Muslim Brotherhood calls for demonstration

Army releases statement saying it will not stop peaceful protests, but warns against abusing the right to demonstrate.

Muslim brotherhood calls for protests
Friday's protest could be a gauge of Morsi's support base [Reuters]

The Muslim Brotherhood has called for mass protests in response to the military coup that led to the fall of former President Mohamed Morsi.

An Islamist coalition, led by the Brotherhood, urged people on Thursday to take part in a “Friday of Rejection” protest following weekly prayers.

The call is being seen as a test of whether Morsi still has a support base in the country, and how the army will deal with it.
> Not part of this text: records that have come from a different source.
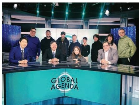
核に関する討論番組の制作陣と

日本も外国人住民が400万人近くとなり、2050年には人口の1割に達する見通しだ。外国にルーツを持ちながら日本を「祖国」とする若い世代も増えている。欧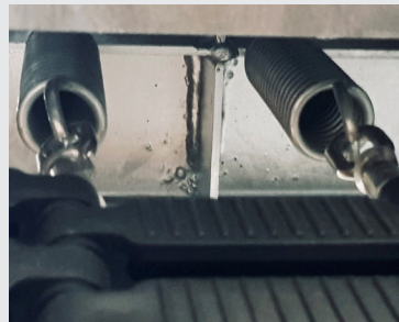
Einbausituation Federn/Matte auf der Sprungmatten-Seite mit Ösen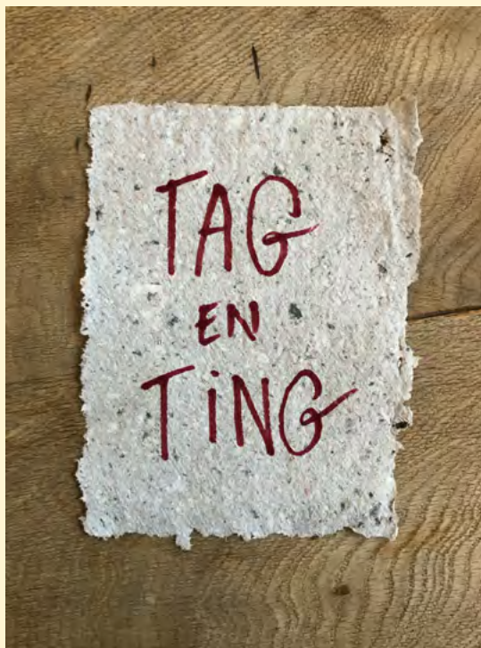
Det færdige papir.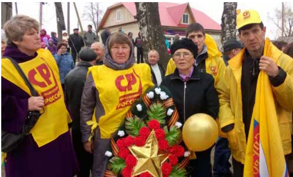
Возложение в Кишертском районе

Ко Дню Победы были приурочены спортивные соревнования: ежегодная эстафета имени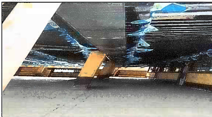
Foto 2: SUSTITUCION DE BAJADA DE AGUA PLUVIAL DE METAL A PVC MODULO 1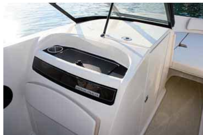
Se consigue una cabina para un inodoro en el pasillo de la VR6.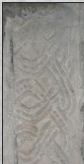
Fragments d'entrelacs carolingiens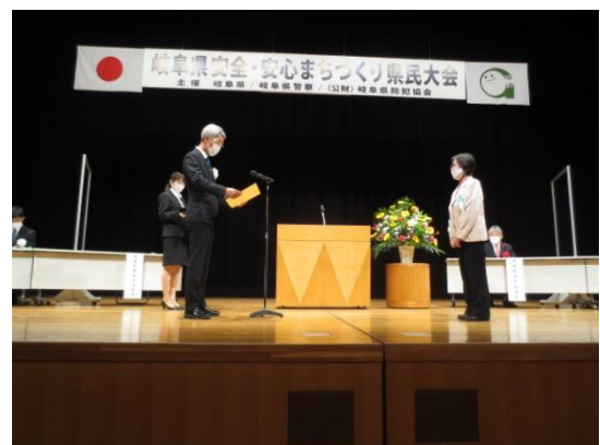
（環境生活部長より表彰状を授与）

地域の環境整備と地域住民とのコミュニケーションを図るため、社員による道路清掃活動と安全パトロールを実施。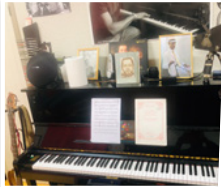
Visite de l'école de musique du Lamentin en présence du maire et du directeur de l'école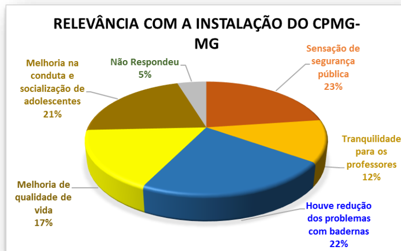
Gráfico 01 - Assinale os impactos de relevância com instalação do CPMG-MG:

A seguir os gráficos demonstram os dados e informações da importância da instalação do CPMG-MG.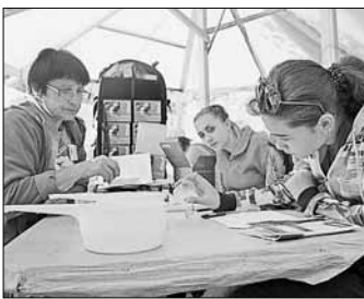
Слева: 3 дня, ночь — душ. Инфраструктура: жилая зона, санитарная зона, зона приготовления пищи (2 газовые плиты, работающие от баллонов), досуговая площадка, полевые лаборатории

«Ряд существующих сегодня, в том числе и санитарных, норм существенно сужает круг каких-либо изменений в формировании образовательного пространства и затрудняет возможные модернизационные решения»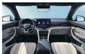
Blue and grey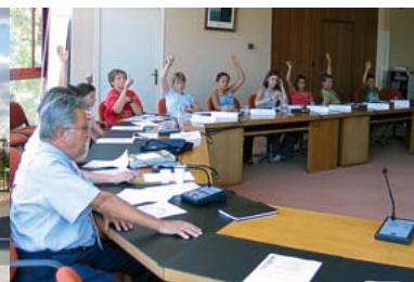
2002 - Création du Conseil municipal junior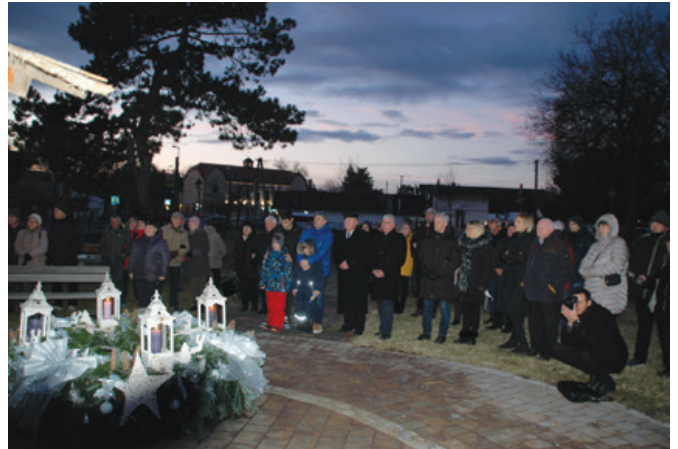
A harmadik gyertya meggyújtása

A nap megkoronázása azonban fél öt után következett, amikor a gyerekek által már nagyon várt Apacuka együttes koncertjét hallgathatták kicsik és nagyok.

Egypt’s army released a statement later on Thursday on its Facebook page, saying that everyone had a right to peaceful protest, but that right should not be abused.

Excessive protests, the army warned, could lead to civil unrest, while re-iterating that it was not targeting any political group.

“Wisdom, true nationalism and constructive human values that all religions have called for, require us now to avoid taking any exceptional or arbitrary measures against any faction or political current,” the statement said.

Glorious revolution

“Peaceful protest and freedom of expression are rights guaranteed to everyone, which Egyptians have earned as one of the most important gains of their glorious revolution,” according to the army’s statement.

“Excessive use of this right without reason could carry some negative implications, including blocking roads, delaying public benefits and destroying institutions, posing a threat to social peace, the national interest and damaging the security and economy in our precious Egypt.”

Newly sworn-in interim leader Adly Mansour used his inauguration as an apparent attempt to heal the relationship with the Brotherhood.

“The Muslim Brotherhood are part of this people and are invited to participate in building the nation as nobody will be excluded, and if they respond to the invitation, they will be welcomed,” he said.

Brotherhood arrests

Egypt’s army had rounded up the leadership of the Muslim Brotherhood as a top judge took oath of office as the country’s interim leader, a day after the military chief toppled President Mohamed Morsi from power.

The army turned the screws on the Brotherhood on Thursday, with military police arresting the group’s supreme leader Mohamed Badie “for inciting the killing of protesters”, as Brotherhood supporters protested the abrupt end of Morsi’s one year rule.

He, and his powerful deputy, Khairat el-Shater, were wanted for questioning on their role in the killing this week of eight demonstrators in clashes outside the Brotherhood’s Cairo headquarters.

The military chief General Abdel Fattah al-Sisi on Wednesday announced the removal of Morsi after days of nationwide protests by opposition groups calling for the Islamist president’s ouster.

A judicial source said the prosecution would on Monday begin questioning members of the group, including Morsi, for “insulting the judiciary” as the charges begin to pile up.

Other Brotherhood leaders would be questioned on the same charges, including the head of the group’s political arm Saad al-Katatni, Mohammed al-Beltagui, Gamal Gibril and Taher Abdel Mohsen.

Morsi and other senior leaders have also been banned from travel pending investigation into their involvement in a prison break in 2011.

The deposed president himself has been held in an unknown location since the generals pushed him out.